Data items ->
_ _ _ _ _ _ _

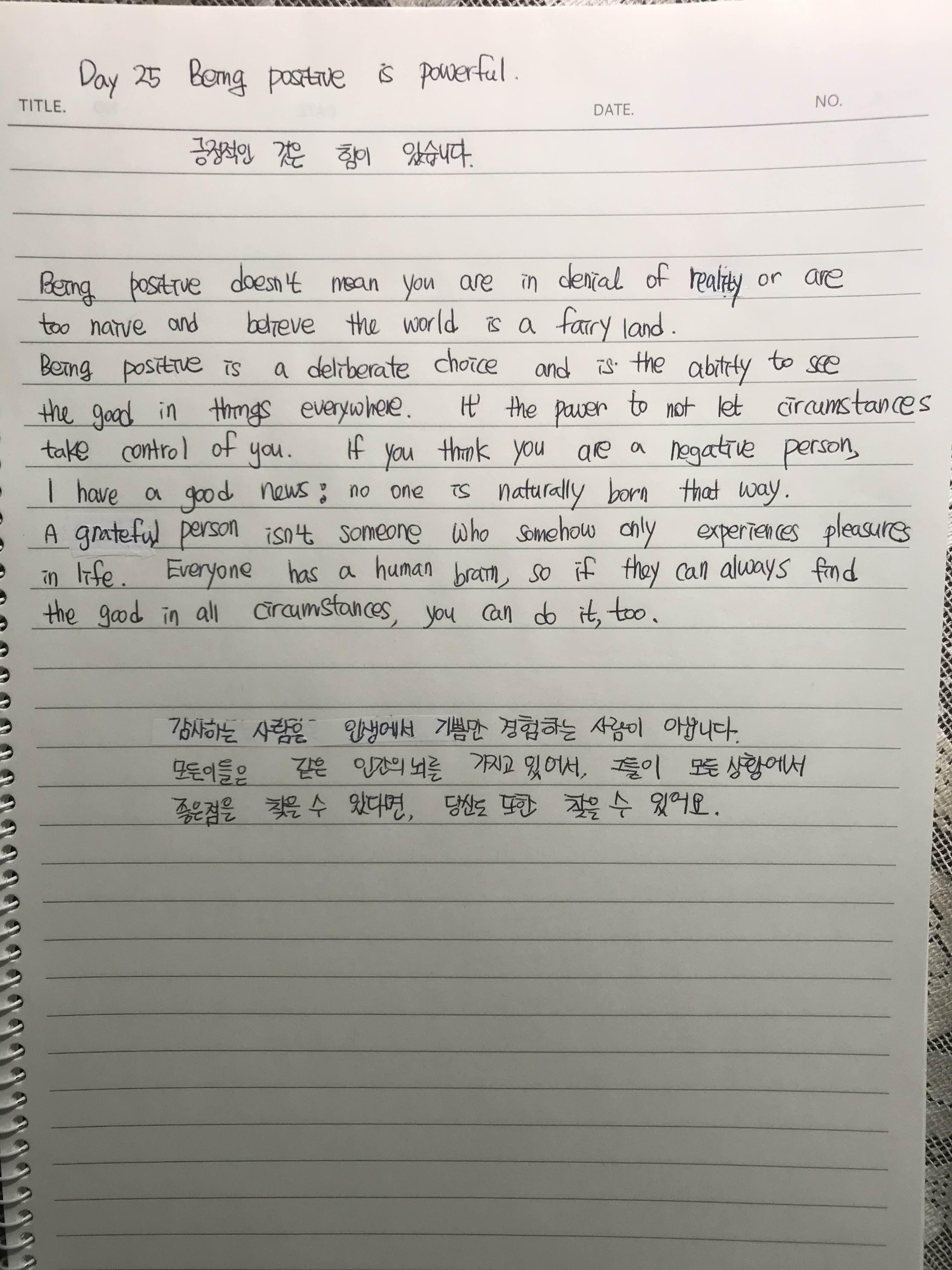 영어필사 100일의 기록 Day 25 by intelligentinvestor 2022. 12. 26. 공유하기 게시글 관리 dreamwebjin '영어필사 100일의 기록' 카테고리의 다른 글 Day 27 (0) 2022.12.28 Day 26 (0) 2022.12.27 Day 24 (0) 2022.12.25 Day 23 (0) 2022.12.25 Day22 (0) 2022.12.23 관련글 Day 27 Day 26 Day 24 Day 23 댓글
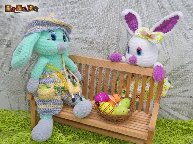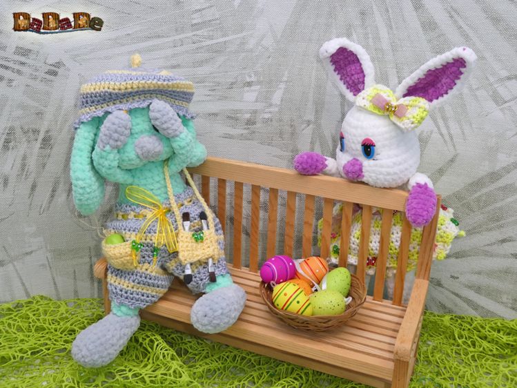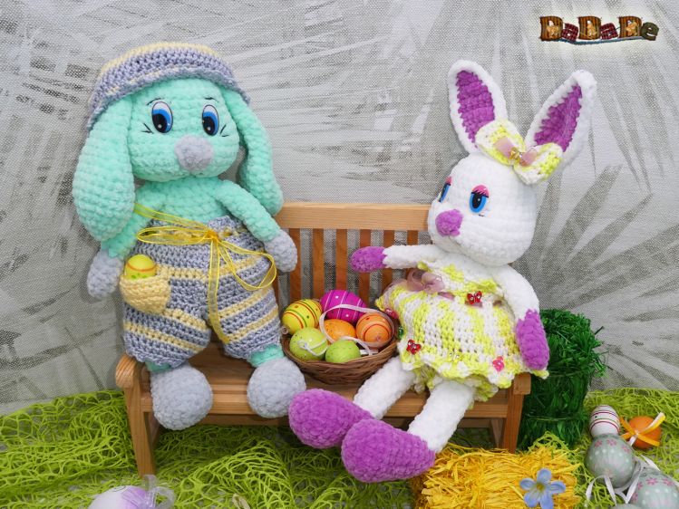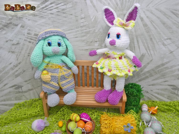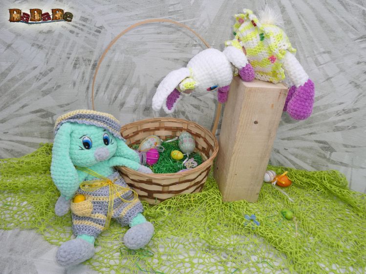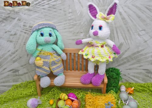 Sie kaufen hier die Häkelanleitung für diese beiden Hasen,
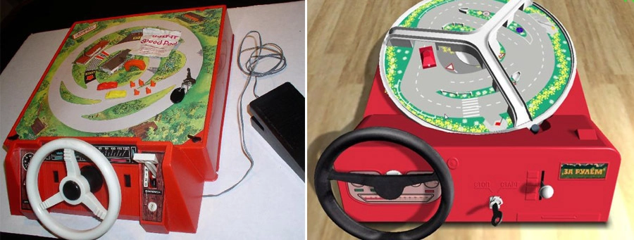 Всё бы ничего, но советская игра «За рулём» была полностью с копирована с появившеся тремя годами рании игры «U Drive it». Там немного другой дизайн того, что находится на диске, но принцип игры идентичен — вращающийся диск, машинка на магнитике, руль и передачи (которые регулируют скорость вращения диска).
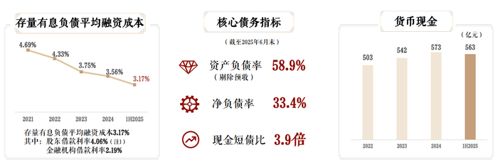 截至2025年6月末,建发国际资产负债率(扣除预收账款)为58.9%,净负债比率低至33.4%,现金短债比接近4倍,充足的现金储备如同“压舱石”,既保障了公司在市场波动中的安全运营,更为获取优质土地资源提供了坚实支撑。
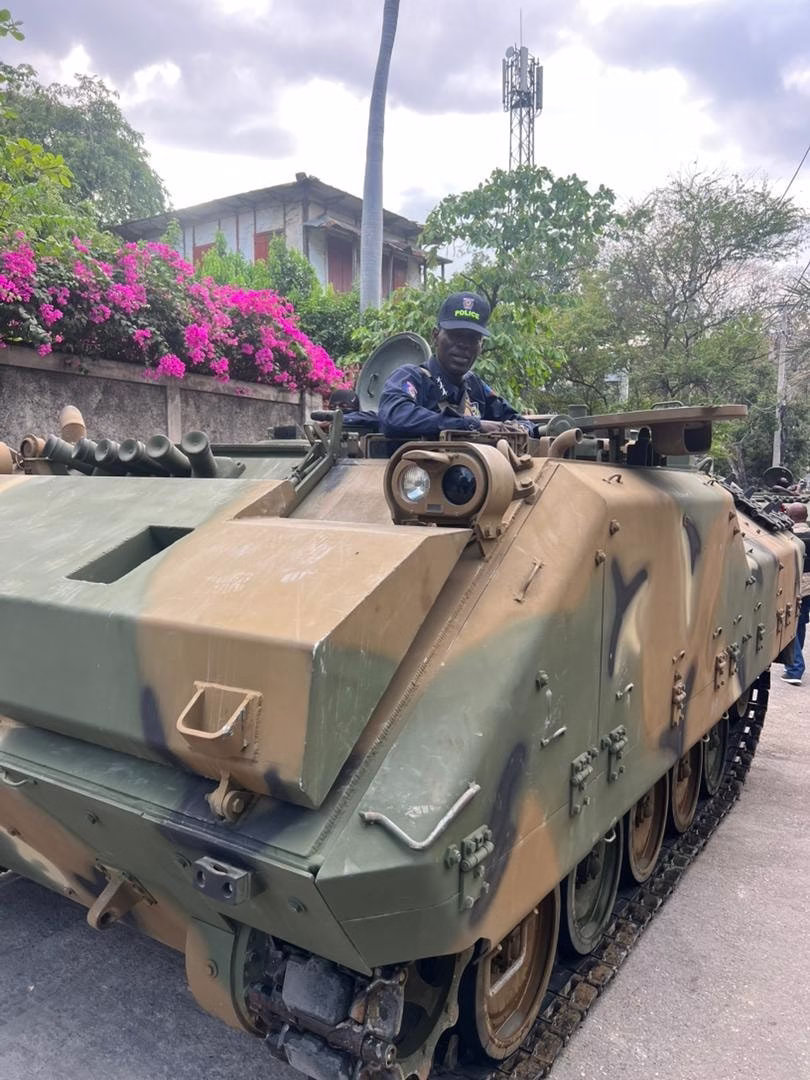 Ces véhicules blindés de combat ont été offerts à la police haïtienne par la Corée du Sud dans le cadre de sa coopération avec le gouvernement haïtien, a informé la PNH dans une publication sur sa page Facebook, accompagnée de photos des blindés abord de l’un desquels apparait le directeur général a.i de la police, André Jonas Vladimir Paraison.
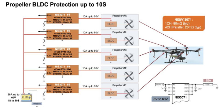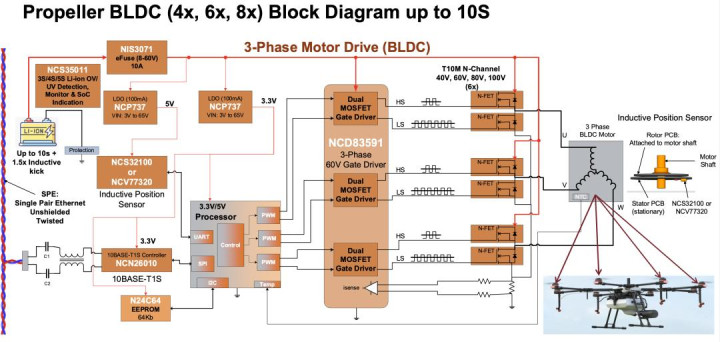 无东说念主机简直一皆遴荐无刷直流电机(BLDC),架构包括eFuse保护层、三相栅极启动器、MOSFET功率器件和位置传感器。
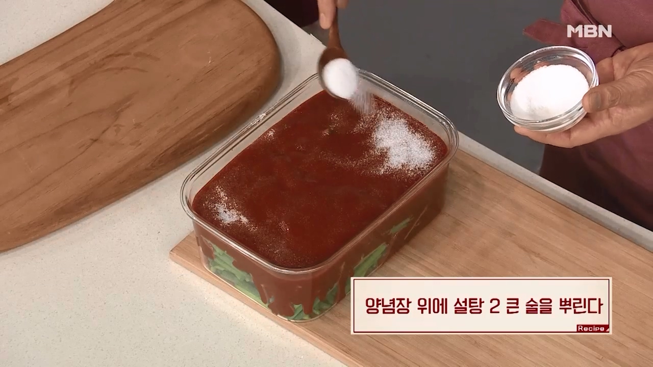 9. 양념장 위에 설탕 2큰술을 뿌리고 숙성시키면 고추장마늘종장아찌가 완성됩니다.
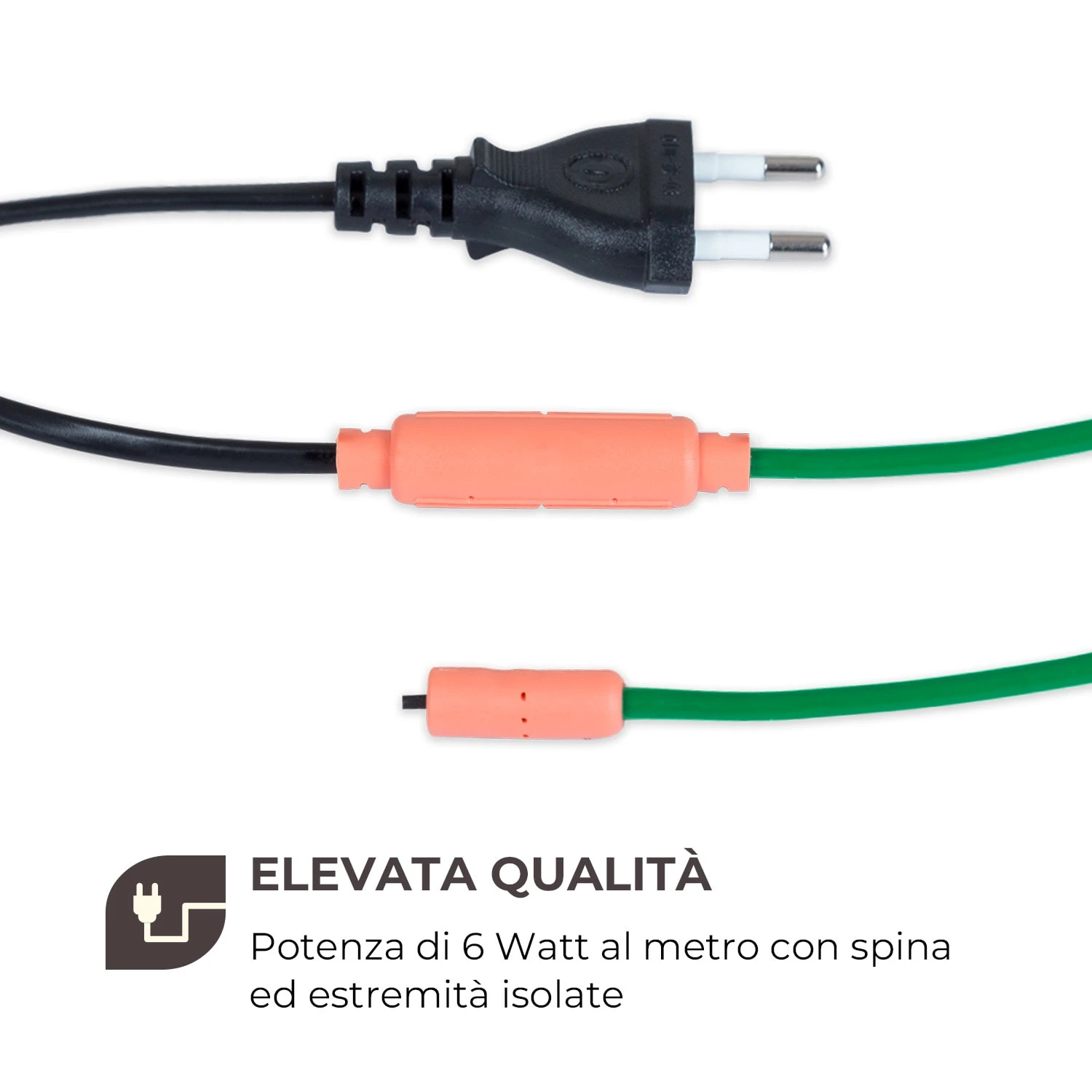 Il cavo riscaldante da 6 m dispone di una linea d’alimentazione da 1,80 m con spina schuko. Inoltre è anche antipolvere e impermeabile secondo il grado di protezione IP68. La connessione finale e centrale è rivestita da un isolamento di plastica per garantire un funzionamento sicuro.
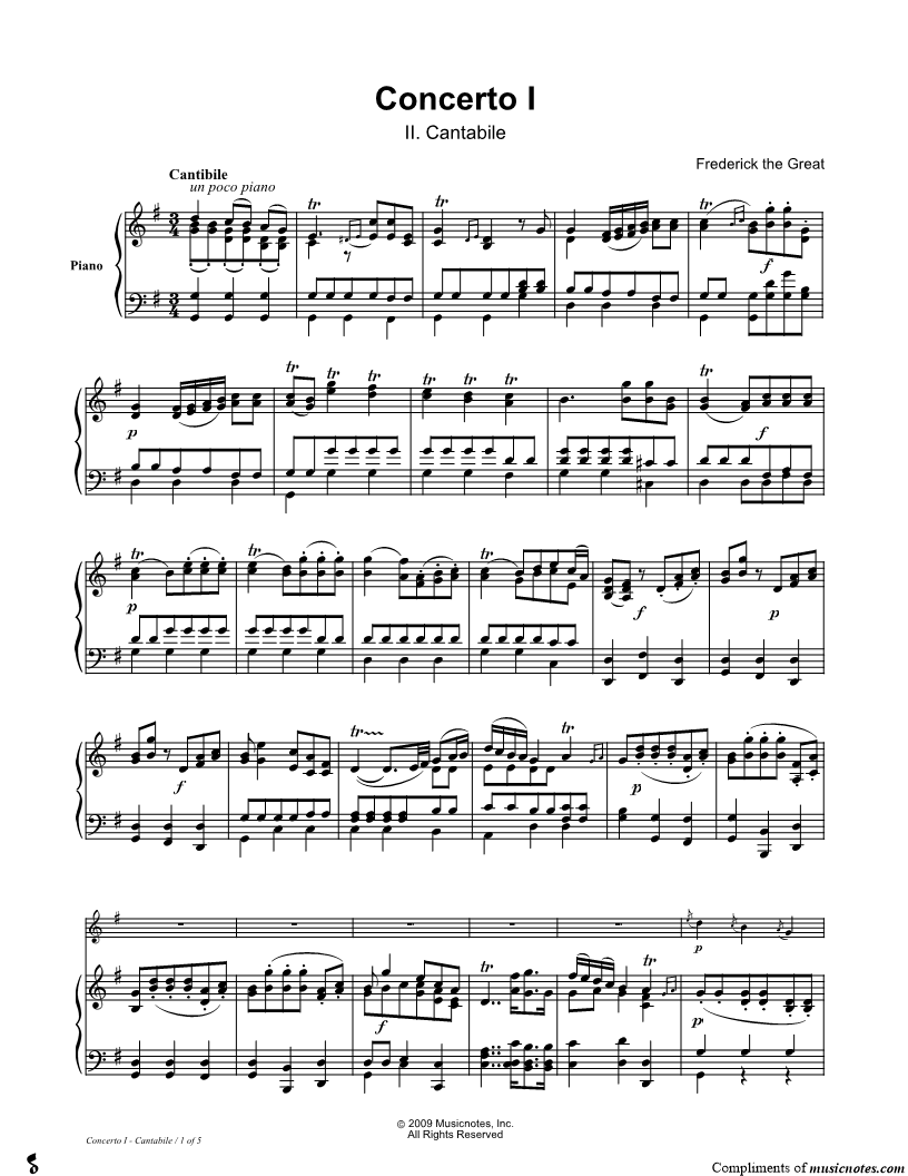 Concerto for Flute No. I in G: II. Cantabile - Piano Accompaniment |

_ _ _ _ _ _ _

Instructions for the task ->
What is needed is a verbatim copy of every entry, with the pictures omitted.

Result ->
 영어필사 100일의 기록 Day 25 by intelligentinvestor 2022. 12. 26. 공유하기 게시글 관리 dreamwebjin '영어필사 100일의 기록' 카테고리의 다른 글 Day 27 (0) 2022.12.28 Day 26 (0) 2022.12.27 Day 24 (0) 2022.12.25 Day 23 (0) 2022.12.25 Day22 (0) 2022.12.23 관련글 Day 27 Day 26 Day 24 Day 23 댓글
 Sie kaufen hier die Häkelanleitung für diese beiden Hasen,
 Всё бы ничего, но советская игра «За рулём» была полностью с копирована с появившеся тремя годами рании игры «U Drive it». Там немного другой дизайн того, что находится на диске, но принцип игры идентичен — вращающийся диск, машинка на магнитике, руль и передачи (которые регулируют скорость вращения диска).
 截至2025年6月末,建发国际资产负债率(扣除预收账款)为58.9%,净负债比率低至33.4%,现金短债比接近4倍,充足的现金储备如同“压舱石”,既保障了公司在市场波动中的安全运营,更为获取优质土地资源提供了坚实支撑。
 Ces véhicules blindés de combat ont été offerts à la police haïtienne par la Corée du Sud dans le cadre de sa coopération avec le gouvernement haïtien, a informé la PNH dans une publication sur sa page Facebook, accompagnée de photos des blindés abord de l’un desquels apparait le directeur général a.i de la police, André Jonas Vladimir Paraison.
 无东说念主机简直一皆遴荐无刷直流电机(BLDC),架构包括eFuse保护层、三相栅极启动器、MOSFET功率器件和位置传感器。
 9. 양념장 위에 설탕 2큰술을 뿌리고 숙성시키면 고추장마늘종장아찌가 완성됩니다.
 Il cavo riscaldante da 6 m dispone di una linea d’alimentazione da 1,80 m con spina schuko. Inoltre è anche antipolvere e impermeabile secondo il grado di protezione IP68. La connessione finale e centrale è rivestita da un isolamento di plastica per garantire un funzionamento sicuro.
 Concerto for Flute No. I in G: II. Cantabile - Piano Accompaniment |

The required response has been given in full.